In the resource plan it filed in April, APS predicted its resource requirement would increase by 60%. And while the plan called for the addition of 3,300 MW of renewable resources, it also identified a need for nearly 5,400 MW of new gas-fired plants.
Tucson Electric Power’s IRP also emphasized renewable resources in its plan, calling for the addition of 800 MW of renewable capacity, as well as 192 MW of gas-fired plants between 2020 and 2022.
UNS Electric’s IRP calls for the addition of roughly equal amounts, about 100 MW each, of renewable resources and gas-fired capacity.

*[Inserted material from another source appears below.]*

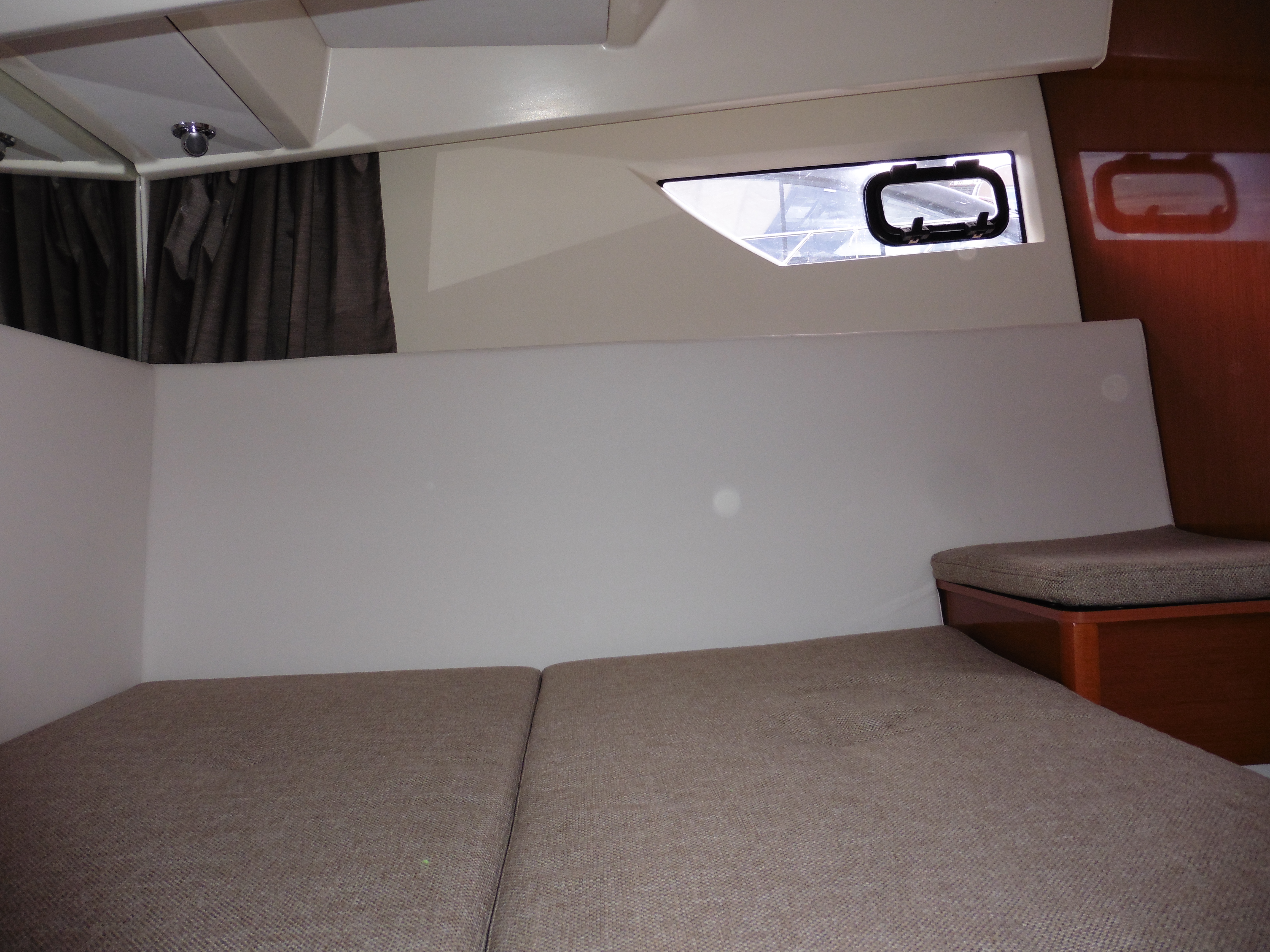 Aft cabin with double berth, hanging wardrobe and seat

The ACC’s action was welcomed by the Southwest Energy Efficiency Project, which said that by shutting down APS’ plans to build new gas-fired plants ratepayers would save about $300 million.
The ACC’s denial is “a move to ensure ratepayers aren’t on the hook for a plant they may not need,” Travis Kavulla, vice chairman of the Montana Public Service Commission and former president of the National Association of Regulatory Utility Commissioners, said in an email. “I think throughout the West there’s a lot of skepticism about new build in a time of weak demand and a lot of uncertainty on resource costs.”
Kavulla also noted that renewable resources costs are falling, but even if those declines do not fully materialize, “it seems more risky to make a big bet rather than standing pat for a time.”